In a statement, Gouzer said that he would spend “the next few months concentrating on conservation and climate issues before coming back to the art world with a new project.”
The announcement marks the second major departure from the auction house; Francis Outred, Christie’s head of postwar and contemporary art in Europe, resigned last month. Gouzer’s exit leaves in charge his co-chairman, Alex Rotter, who came to Christie’s from Sotheby’s last year.
Guillaume Cerutti, Christie’s chief executive, said in the statement: “I wish Loic the very best with his future ventures.”
Over the last four years Gouzer championed separate curated sales at Christie’s, creating a series of stand-alone auctions whose art he often hand-picked to appeal to a younger generation of collectors. They included “If I Live…,” “Bound to Fail,” and “Looking Forward to the Past,” which achieved price highs for Pablo Picasso’s “Les femmes d’Alger (Version ‘O’)” and Alberto Giacometti’s “Pointing Man.”

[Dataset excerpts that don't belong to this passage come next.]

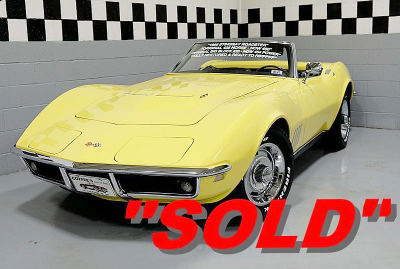 ![]() Click on the image for a larger picture. 1968 CHEVROLET CORVETTE CONVERTIBLE “SOLD” “SOLD” “SOLD” “To A New Home In Florida” “Thank You Again Kerry” “Hope That You And Daniel Share A Lifetime Of Memories With “The Beast” “May The Sun Always Shine For You, Your Loved Ones And This Awesome Corvette!!!” “There’s Something Special A About Shark Roadster With It’s High Peak Fenders And Sweeping Body Lines —— Simply Gorgeous And Unique To This Generation” “This “Bad Boy” Has All The Sound And Fury From The Fabulous Muscle Car Era” “With Striking Colors, Massive Power, Must Have 4-Speed And Hi-Po Equipment, This Big Block Roadster Is Truly Awesome And Perhaps The Perfect Corvette For You!!!” “A Blast Through The Gears In This Ground Pounder—— Priceless” “Life Is Short — Enjoy Your Ride!!!” $59,900 “Make It Happen Now” jerry@coffeescorvettes.com 570-457-7423 “CHECK OUT THIS ICONIC CHROME BUMPER CORVETTE!!!” “A BIG BLOCK ROADSTER FROM THE HEART OF THE MUSCLE CAR ERA” “STUNNING SAFARI YELLOW EXTERIOR FINISH” (code 984) “BEAUTIFUL BLACK VINYL INTERIOR APPOINTMENTS” “EXCELLENT BLACK CONVERTIBLE TOP” “ORIGINAL L71 427/435 V8 UPGRADED TO AN EVEN MORE POWERFUL “454” MONSTER!!!” (not original engine block) “ORIGINAL M21 CLOSE RATIO 4-SPEED TRANSMISSION” (#s matching) “ORIGINAL G81 POSI REAR AXLE WITH 3.70 RATIO” “OPTIONAL K66 TRANSISTOR IGNITION” “OPTIONAL F41 FRONT AND REAR SUSPENSION” “SWEET SOUNDING CHAMBERED EXHAUST SYSTEM” “UNIQUE POWER-BULGE BIG BLOCK HOOD” “POLISHED SIDE LOUVER TRIM” “POWER STEERING AND POWER DISC BRAKES” “EXCELLENT ORIGINAL INSTRUMENTATION WITH HIGH HORSE TACH” “ORIGINAL EQUIPMENT AM-FM RADIO” “ORIGINAL DATE CODED GLASS” “CORRECT 15×7 RALLY WHEELS WITH WHITE LETTER RADIALS” “EXCELLENT CHROME AND POLISHED TRIM” “CORRECTLY DETAILED ENGINE COMPARTMENT RETAINING MANY ORIGINAL COMPONENTS INCLUDING TRIPLE CARBURETORS, AIR CLEANER, INTAKE MANIFOLD, SHIELDED IGNITION SYSTEM AND PLUG WIRES, CHROME VALVE COVERS, CYLINDER HEADS, EXHAUST MANIFOLDS AND RARELY SEEN EMISSION SYSTEM” (see photos) “LIKE-NEW UNDERCARRIAGE FEATURES AN EXCELLENT FRAME AND UNHARMED FLOOR PANS” “COMPREHENSIVE CHASSIS RESTORATION INCLUDES THE FOLLOWING NEW OR REBUILT COMPONENTS: BRAKE SYSTEM, SHOCK ABSORBERS, STEERING LINKAGES AND COMPONENTS, FUEL AND BRAKE LINE SETS, U-JOINTS, TRAILING ARMS, FRONT AND REAR SUSPENSION ++++ MUCH, MUCH MORE!!!” (see photos) “WITH AWESOME PERFORMANCE, A BLAST THROUGH THE GEARS WILL STIR YOUR SOUL!!!” “A TRUE RELIC FROM THE FABULOUS MUSCLE CAR ERA, SHE’S DROP DEAD GORGEOUS AND READY TO RIPPPPPPP!!!!”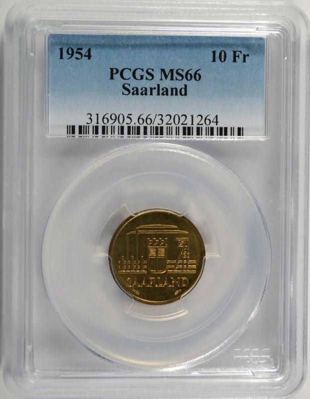 SAARLAND ONLY PRODUCED COINS FOR TWO YEARS AND THE COINS ARE EXTREMELY RARE IN HIGHER GRADES, PCGS HAS GRADED LESS THAN 100 COINS IN ALL GRADES! ESTIMATE, SILVERTOWNE AUCTIONS IS RANKED ONE OF THE BEST INTERNET AUCTIONS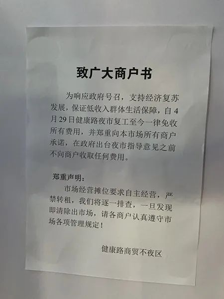 市场管理方工作人员告诉记者,在前不久,他们在夜市公告栏上张贴了《致广大商户书》,上面很明确写道:“自4月29日健康路夜市复工至今一律免收所有费用”以及“严禁转租,将逐一排查,一旦发现即清除出市场”等字样。“转租行为是明令禁止的,我们正在就这个问题进行市场整顿。”工作人员说。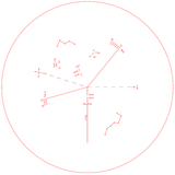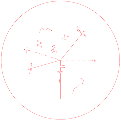 Reticle scale 3-star alignment method, with precession correction (until 2040), North: Polaris, Delta Umi, 51 Cep, South: Sigma, Tau and Chi Octantis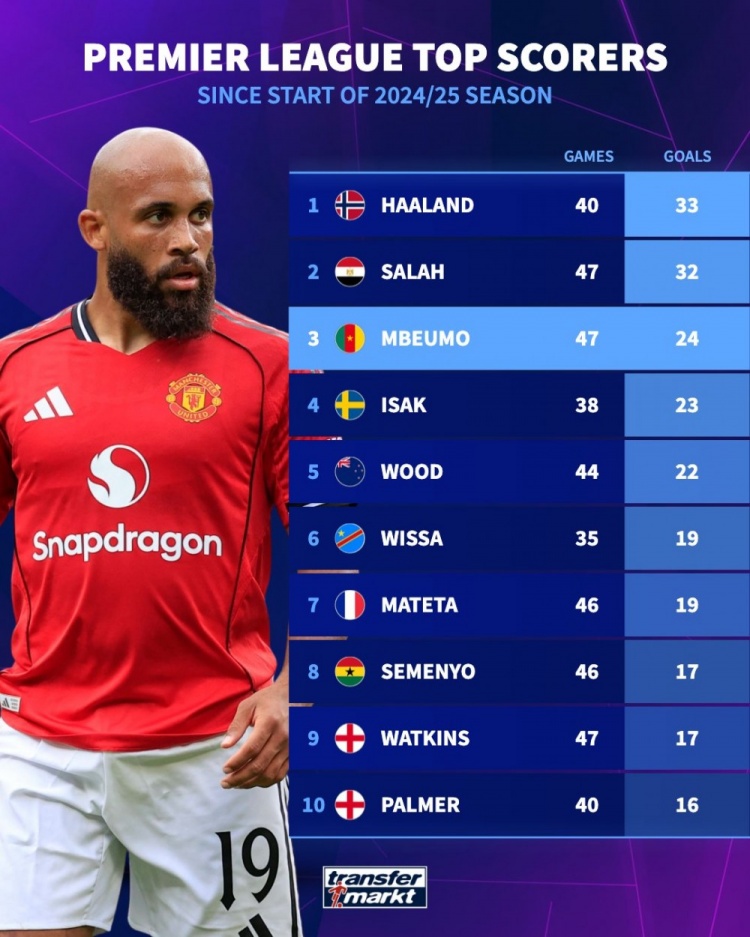 足球比分网10月31日讯 《转会市场》统计了上赛季至今的英超射手榜,哈兰德已经反超萨拉赫居首。 上赛季至今英超射手榜: 1.哈兰德,40场,33球 2.萨拉赫,47场,32球 3.姆伯莫,47场,24球 4.伊萨克,38场,23球 5.伍德,44场,22球 6.维萨,35场,19球 7.马特塔,46场,19球 8.塞梅尼奥,46场,17球 9.沃特金斯,47场,17球 10.帕尔默,40场,16球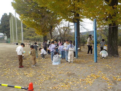 まず、黒羽運動公園へ行きました。遊具で遊んだり、集めた落ち葉を上に投げて落ち葉シャワーを楽しんだり、足湯に入ったりしました。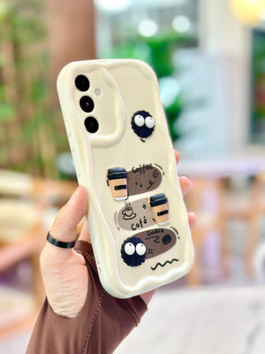 Sevimli ve eğlenceli tasarımlı akıllı telefon kılıfı. Kahve temalı şirin çizimlerle süslenmiş - içecek bardakları ve büyük gözlü sevimli yaratık figürleri bulunuyor. Minimalist ama esprili bir görünüme sahip. Çizilmelere ve darbelere karşı koruma sağlarken kişiselleştirilmiş bir stil sunuyor. Kahve tutkunları ve eğlenceli aksesuarları sevenler için ideal. Hem koruyucu hem de kişisel ifade imkanı sağlayan şık bir telefon kılıfı. Günlük kullanıma renk katacak ve telefonunuzu güvende tutacak modern bir aksesuar.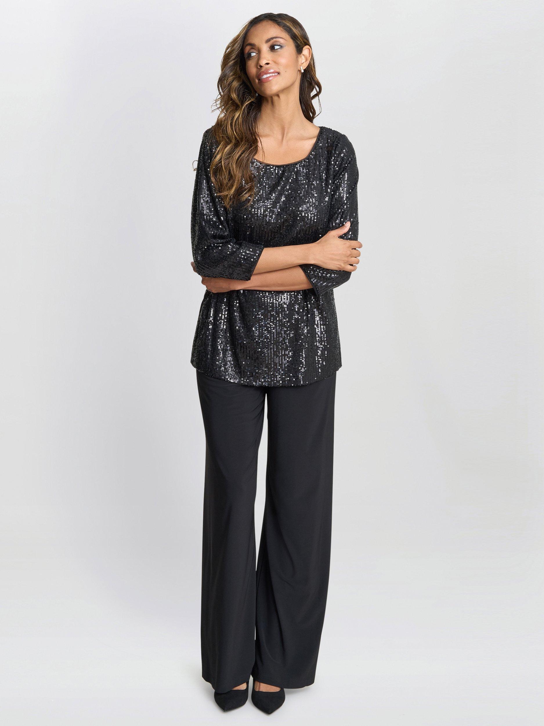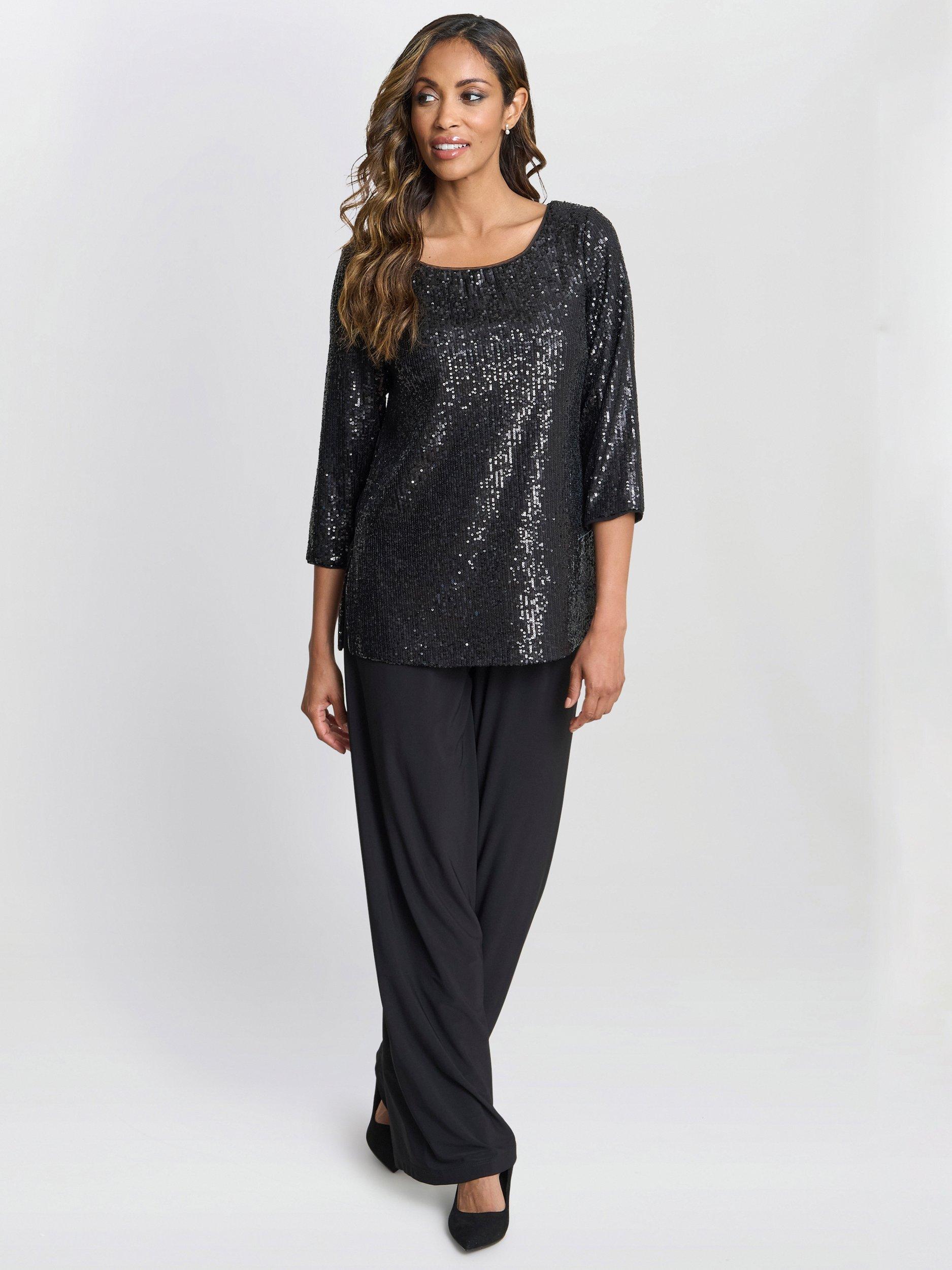 This throw on sequin 3/4 sleeve top is versatile and easy. Add sparkle and glamour to your look with minimal effort. Easy to throw on with trousers or a skirt and perfect to wear under a blazer, this will become your go to top!

In 2017, he conceived and shepherded the sale of Leonardo da Vinci’s “Salvator Mundi” for $450.3 million in partnership with Christie’s Old Masters department. This fall, he oversaw the sale of David Hockney’s “Portrait of an Artist (Pool with Two Figures),” which brought $90.3 million, an auction high for a living artist.
A vocal environmentalist, Gouzer in 2013 collaborated with the Leonardo DiCaprio Foundation to present “The 11th Hour,” a charity auction that raised $38.8 million for wildlife conservation.